The following interpretation of the individual predictor variable assumes other life-history variables and the introduction effort variable.

migr and upland are negatively associated with the response variable. The odds of success in introducing migratory birds are lower than the sedentary birds. Similarly, birds using upland infrequently have lower odds to be successfully introduced than those using upland frequently.

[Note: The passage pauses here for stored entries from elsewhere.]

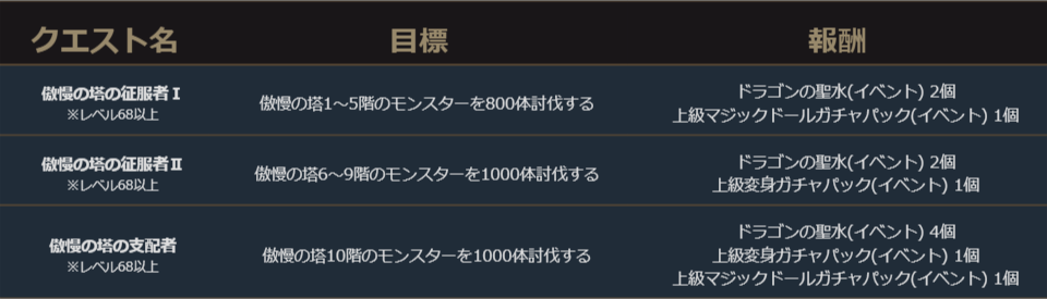 イベント期間中、デイリークエストをクリアすることで、上級ガチャパックやドラゴンの聖水などを獲得できます。
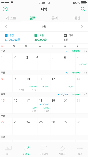 지출 관리자는 매일, 매주 지출 현황을 파악하지만 결국 '이번 달' 지출이 얼마나 순항하고 있는가를 파악하기 위한 루틴입니다. 따라서 이번 달 돈이 들어가고 나가는 흐름을 한눈에 확인할 수 있는 달력 뷰 역시 필수 기능입니다.
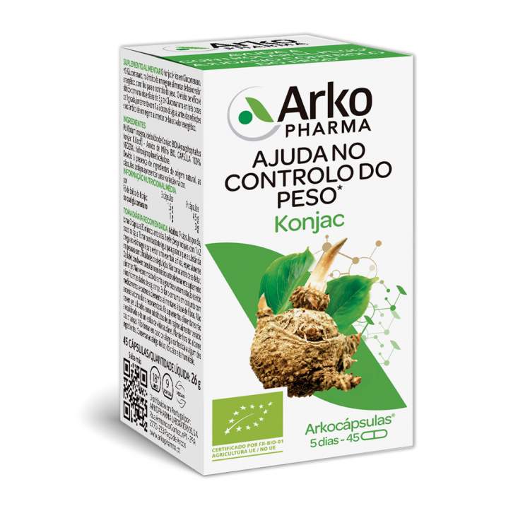 [PESO CORPORAL, ELIMINAÇÃO LÍQUIDOS] Suplemento alimentar à base de Konjac, rico em Glucomanano que contribui para a perda de peso. O efeito benéfico é obtido com uma dose diária de 3g de glucomanano em três doses de 1g cada, juntamanete com 1 a 2 copos de água, antes das refeições e no âmbito de um regime alimentar de baixo valor energético. Cada cápsula contém 500mg de bolbo de Konjac (Amorphophallus konjac K. Koch) em pó. Tomar 3 cápsulas 30 minutos antes do pequeno almoço, do almoço e do jantar, com 1 a 2 copos de água. Deve-se tomar com bastante água para garantir que a substância chega ao estômago e para evitar uma eventual asfixia Tomar 3 cápsulas 30 minutos antes do pequeno almoço, do almoço e do jantar, com 1 a 2 copos de água. Tomar com bastante água para garantir que a substância chega ao estômago e para evitar uma eventual asfixia, especialmente em pessoas com dificuldades de deglutição. Dar pelo menos 2 horas de intervalo entre a toma deste suplemento e a toma de outros medicamentos por via oral.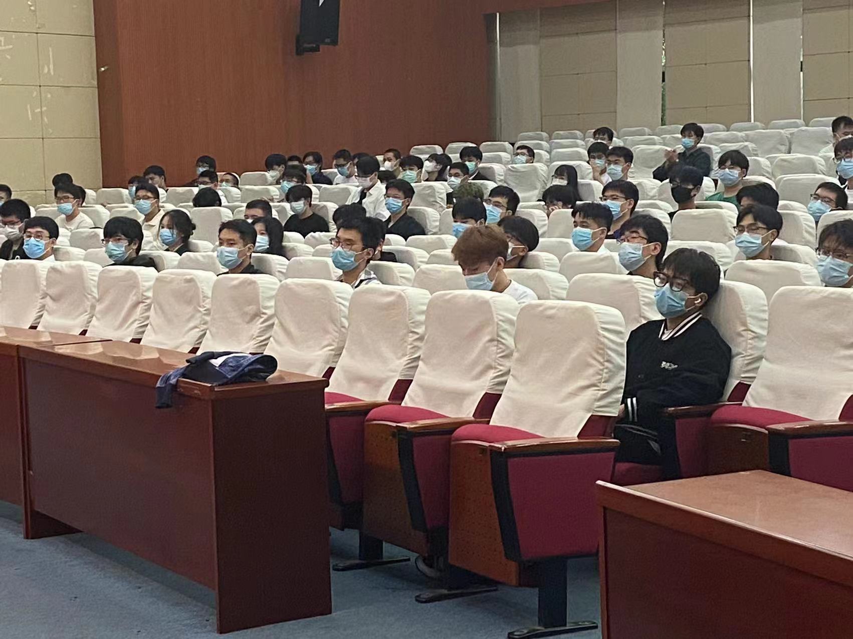 最后,我们邀请了治安科科长黄晓阳老师给新生们做了一次校园安全方面的教育讲座。对防火、防窃、预防意外伤害、尤其对如何防止校园贷、网络诈骗、传销等金融诈骗方面的知识和方法进行了详细的说明。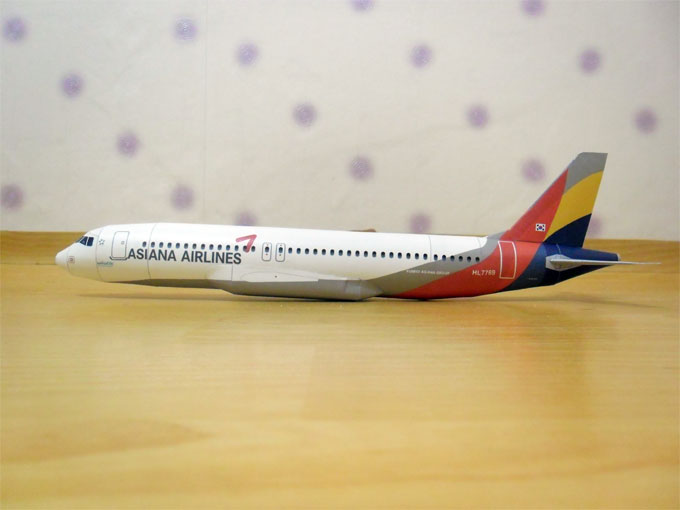 This model was submitted by Kim Hyeon Gon (ZION), he is a South Korean junior/middle high school student. He recolor the original Paper Replika's Airbus A320 template with Asiana Airlines livery. When this model received by me he already in progress on building this aircraft model as you can see on a photo below, it looks very nice and the livery color is beautiful, I like it. The template sent by ZION is actually relatively big in size, it's 28 Mb! He created it in Adobe Photoshop, so I edit the template again in Corel Draw and re-use the existing vector images.to reduce the file size. My effort resulted with a final 1,18 Mb size template in PDF. Asiana Airlines is the second major airlines beside Korean Air, it has domestic and international flight as well. It has 11 A320 planes in the fleet.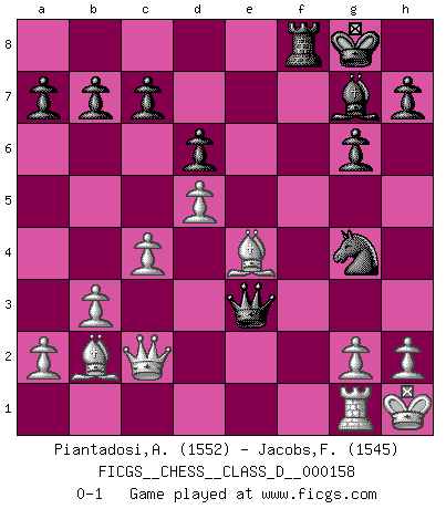 Last move : 0-1 2010 November 11 0:49:1 [Event "FICGS__CHESS__CLASS_D__000158"] [Site "FICGS"] [Date "2010.10.08"] [Round "1"] [White "Piantadosi,Angelo"] [Black "Jacobs,Francois"] [Result "0-1"] [WhiteElo "1552"] [BlackElo "1545"] 1.c4 e5 2.Nc3 Nf6 3.d3 Nc6 4.Nf3 d6 5.e3 Be7 6.Be2 O-O 7.O-O Be6 8.d4 exd4 9.exd4 Bg4 10.d5 Bxf3 11.Bxf3 Ne5 12.b3 Nfd7 13.Be4 Nc5 14.f4 Ned7 15.Bb2 Bf6 16.Bc2 g6 17.f5 Ne5 18.Ne4 Nxe4 19.Bxe4 Bg7 20.fxg6 fxg6 21.Qc2 Qg5 22.Rae1 Rxf1+ 23.Rxf1 Qe3+ 24.Kh1 Rf8 25.Rg1 Ng4 0-1 English Opening Kingside Castling by player Black (move 6) Kingside Castling by player White (move 7) Player Black won this chess game. Follow this game move after move (download)A thorough understanding of the typical mating continuations makes the most complicated sacrificial combinations leading up to them not only not difficult, but almost a matter of course. (Siegbert Tarrasch) Es hat in meinem Leben Zeiten gegeben, in denen das Schachspiel, wenn nicht zum Lebenszweck, so doch zu einem regelrechten Lebensersatz geworden ist. Man fühlt sich in solchen Zeiten nicht so, als besäße man eine göttliche Gabe, sondern eher so, als sei man von ihr besessen. (Garry Kasparov) Una compensación adecuada por un sacrificio es tener una combinación sólida que conduce a una posición ganadora; una compensación adecuada por una metida de pata es dejar a tu oponente arrebatar una derrota de las fauces de la victoria. (Bruce A. Moon) Le profane ne songe pas à la somme de jouissance dont il se prive, qui méconnaît ce jeu aux ressources aussi variées que passionnantes. (Jean-Marie Jeanton-Lamarche) A bird doesn't sing because it has an answer, it sings because it has a song. (Maya Angelou)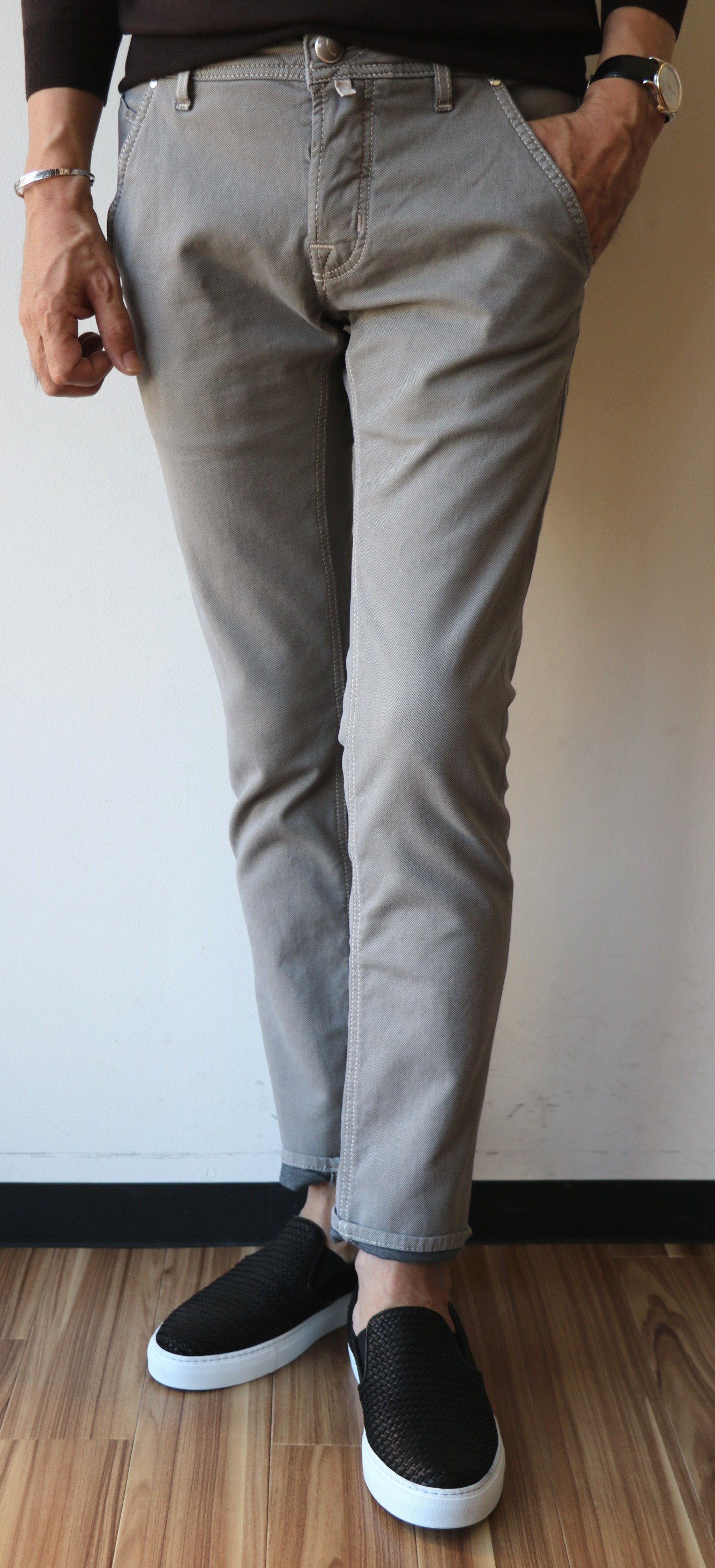 モデルは「J688」は、股上やや深めの程よいテーパードスリム。安定感のあるフィット感です。3万円台が殆どないヤコブにあって、46,000円という価格も魅力的です。

insect is significant (p-value =0.058). The odds of success increase as the number of months of having insects in the diet increases.

mass and indiv are positively associated with the response variable. The odds of success increase and the body mass increases Similarly, the odds of success increase as the number of minimum birds of the species increases.

wood does not achieve statistical significance but seemed to be positively associated with the response variable.

Predictive Analysis

As an illustration, we use the final model to predict the status of successful introduction based on the new values of the predictor variables associated with two species. See the numerical feature given in the code chunk.

mynewdata = data.frame(mass=c(560, 921),
                       range = c(0.75, 1.2),
                       migr = c(2,1),
                       insect = c(6, 12),
                       wood = c(1,1),
                       upland = c(0,1),
                       indiv = c(123, 571))
pred.success.prob = predict(final.model, newdata = mynewdata, type="response")
##
## threshold probability
cut.off.prob = 0.5
pred.response = ifelse(pred.success.prob > cut.off.prob, 1, 0)  # This predicts the response
## Add the new predicted response to Mynewdata
mynewdata$Pred.Response = pred.response
##
kable(mynewdata, caption = "Predicted Value of response variable 
      with the given cut-off probability")

Table 7.5: Predicted Value of response variable with the given cut-off probability
mass	range	migr	insect	wood	upland	indiv	Pred.Response
560	0.75	2	6	1	0	123	0
921	1.20	1	12	1	1	571	1

The predicted status of the successful introduction of the two species is attached to the two new records.